What is required
Could you please repeat the entries below word for word, with the images left out?

- - - - -

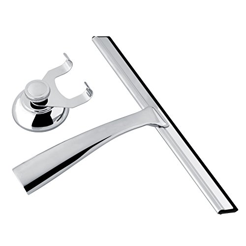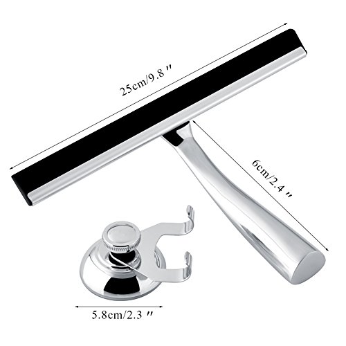 TOPINCN Shower Squeegee,Bathroom Stainless Steel Window Mirror Glass Door Tile Wiper with Suction Storage Hook,10inch
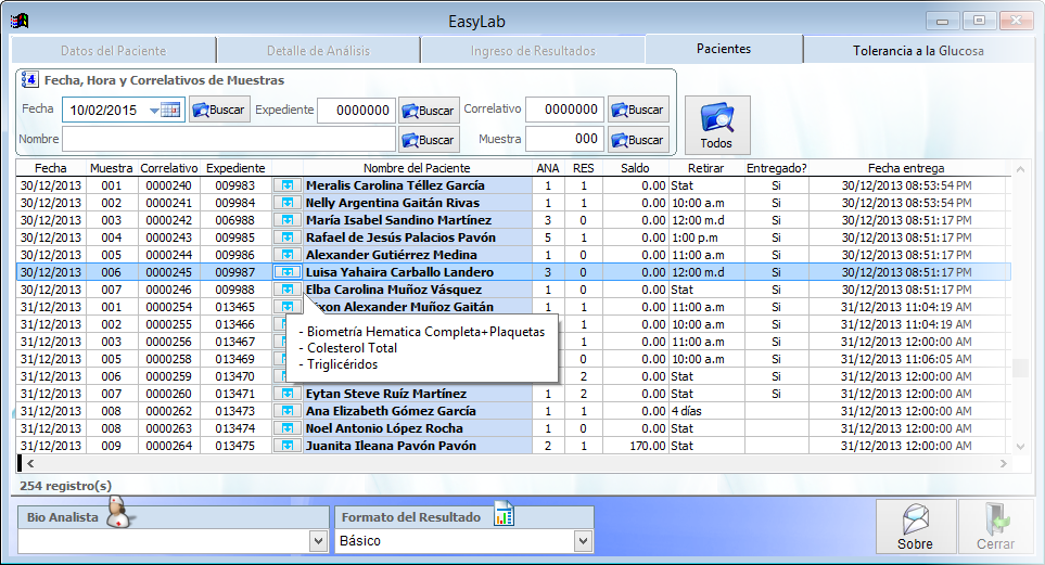 para apoyar el control e impresión e historial de RESULTADOS DE ANALISIS CLINICOS.
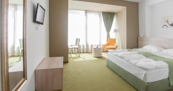 Minibarul din camera este dotat cu o varietate de bauturi, cipsuri. Fiecare camera a hotelului are in dotare un miniseif electronic care se afla in dulap.
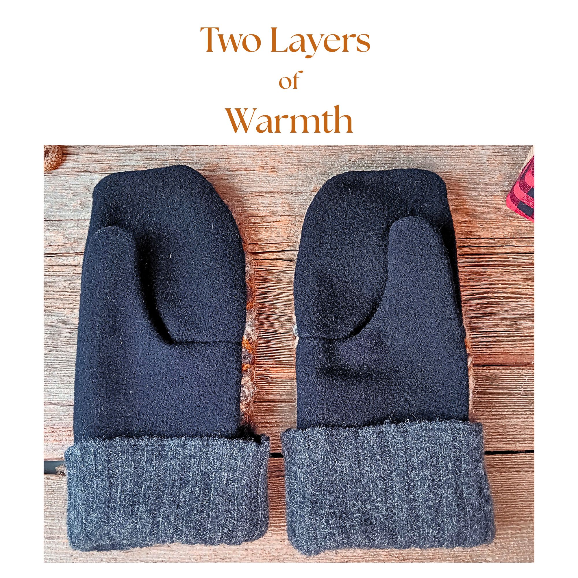 • All upcycled wool sweaters and wool garments are handpicked and inspected for quality of workmanship. Once felted, wools are carefully matched for color and weight then sewn together and lined with thick soft fleece. The result? One of a kind, wearable art, right at your fingertips!
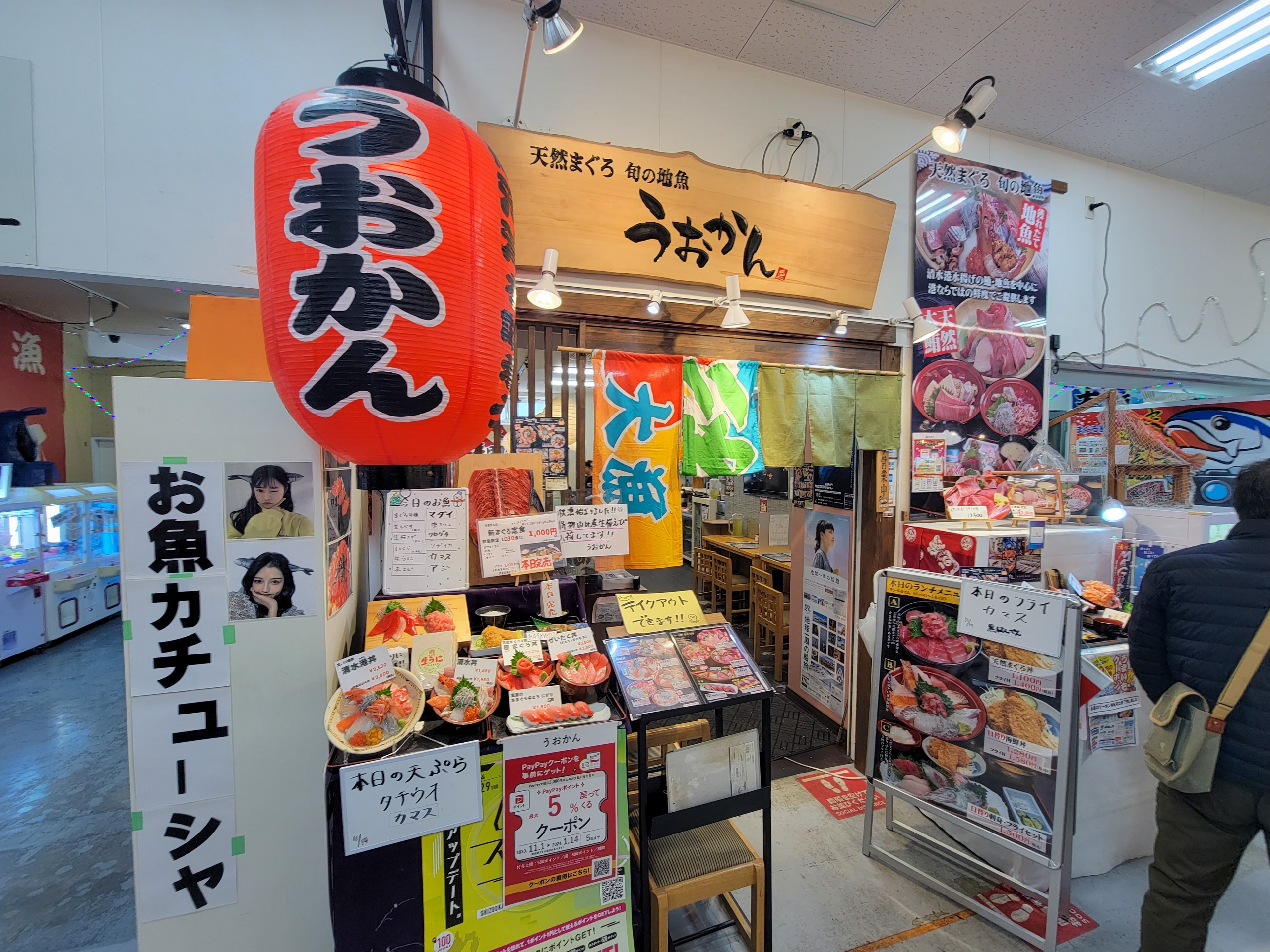 グーグルの口コミを信じて、まぐろ館1階の「うおかん」に入店。空いていたので、4人席のテーブルに案内されました。
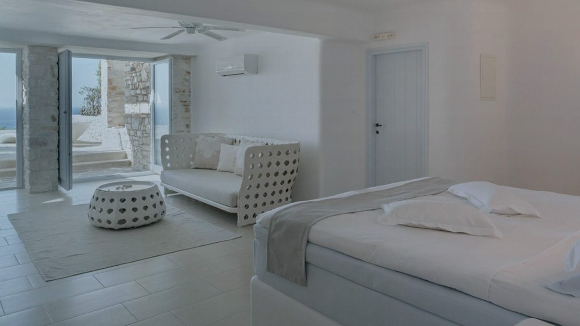 Rightfully regarded as one of the most luxury villas in Paros Island near Chryssi Akti (Golden Beach), the private sea view villa offers a sanctuary of luxurious refinement and unpretentious tranquility.

- - - - -

Answer section
 TOPINCN Shower Squeegee,Bathroom Stainless Steel Window Mirror Glass Door Tile Wiper with Suction Storage Hook,10inch
 para apoyar el control e impresión e historial de RESULTADOS DE ANALISIS CLINICOS.
 Minibarul din camera este dotat cu o varietate de bauturi, cipsuri. Fiecare camera a hotelului are in dotare un miniseif electronic care se afla in dulap.
 • All upcycled wool sweaters and wool garments are handpicked and inspected for quality of workmanship. Once felted, wools are carefully matched for color and weight then sewn together and lined with thick soft fleece. The result? One of a kind, wearable art, right at your fingertips!
 グーグルの口コミを信じて、まぐろ館1階の「うおかん」に入店。空いていたので、4人席のテーブルに案内されました。
 Rightfully regarded as one of the most luxury villas in Paros Island near Chryssi Akti (Golden Beach), the private sea view villa offers a sanctuary of luxurious refinement and unpretentious tranquility.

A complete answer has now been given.